O que me interessa no horror não é tanto o medo, mas a sua natureza visionária. O horror é uma poderosa ferramenta para questionarmos fronteiras. Quais delas? As fronteiras do corpo, da moral, dos consensos sobre a realidade. Tensionando os limites, o horror funda uma tradição de imagens e sensações das quais não conseguimos nos livrar tão facilmente, imagens que são um misto de ameaças e extravagâncias. O horror pode ser pensado em uma dicotomia, também. Refiro-me à tensão entre expansão x concisão. Por expansão, tento traduzir a ideia de que o horror sempre nos promete algo além do que é conhecido/percebido. O que dorme debaixo daquele lago opaco? O que se movimenta na beira daquele descampado? Alguém está ali, nas sombras? Há Outros que não são como nós? Quem somos quando dizemos “nós”? Há uma dobra na realidade, um mais-além? A expansão da realidade, no horror, me parece uma consequência do desconforto cotidiano com o desconhecido. Olhe ao seu redor: você consegue apreender toda a realidade à sua volta? Consegue, ao mesmo tempo, enxergar todos os ângulos de um objeto diante de você, ou ter sob controle tudo o que acontece, nos mínimos detalhes, no seu próprio corpo? Neste sentido, o horror é a pedagogia das nossas limitações. Por concisão, quero dizer que o horror possui um especial talento para sintetizar nossas ansiedades individuais e sociais. Em uma só imagem ou personagem, um complexo tecido de angústias, temores e constrangimentos se faz carne. Com frequência, isto se traduz na ideia do monstro. O vampiro, o morto-vivo, o licantropo, o fantasma. Eles condensam em si os impasses do humano.
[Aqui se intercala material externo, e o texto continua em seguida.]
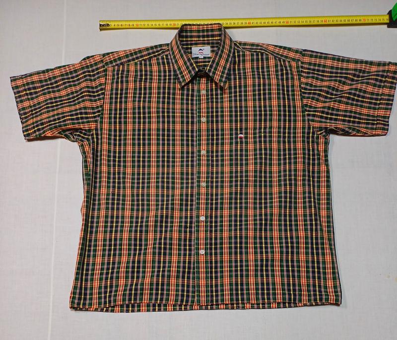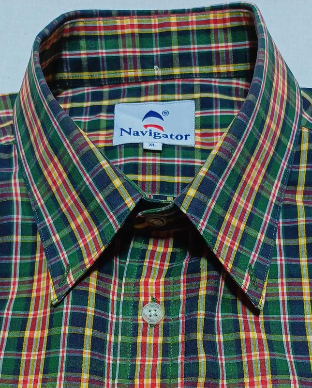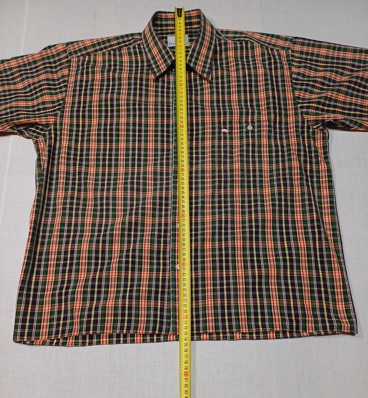 воротник 43 см NAVIGATOR SIZE XL рубашка в зеленокрасную клетку BOMULL 100% замеры: 1) ширина плечей 53 см 2) обхват груди 65 см 3) обхват талии 64 см 4) длина по спине 74 см 5) длина рукава 26 см

Gótico nordestino é um comentário sobre pessoas, sobre família, sobre política, sobre o Brasil, sobre meus sentimentos. É uma forma de processar o luto pela perda de um amigo querido, bem como de dar conta do longo processo de luta pela vida do meu avô, que veio a falecer agora em 2022. É minha forma de intervenção política, mas também é meu convite para que vocês possam, durante algum tempo, esquecer um pouco da vida diária e mergulhar num mundo estranho e catártico. Seus nove contos são, como toda obra literária, resultado de diálogos com múltiplas referências culturais. Há, porém, uma unidade, que é a atmosfera, nos meus contos, criada pela influência do horror. Para mim, o horror é um dos principais temperos do livro, embora fique em aberto se todos, ou mesmo algum dos contos pode ser considerado como de fato “horror”. A resposta a esta indagação não me cabe, mas, sim, a vocês.
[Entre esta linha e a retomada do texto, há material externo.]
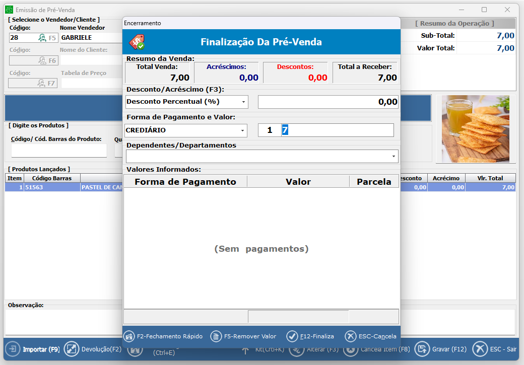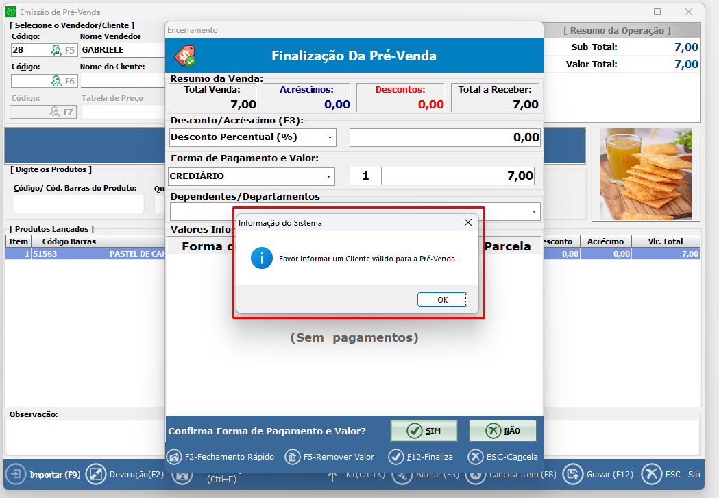 • Não permite finalizar vendas no crediário sem cliente vinculado;

Ao me ensinar a expandir a realidade brincando com o desconhecido, ao me ensinar a condensar meus medos criando fantasmagorias, Gótico nordestino me deu a chave para que eu esteja, ao mesmo tempo, próximo e distante das minhas circunstâncias. Quem topar viajar comigo nestas histórias vai encontrar uma jornada pessoal por nossos tempos sombrios, mas também, quem sabe, uma discreta luz tremulando na penumbra.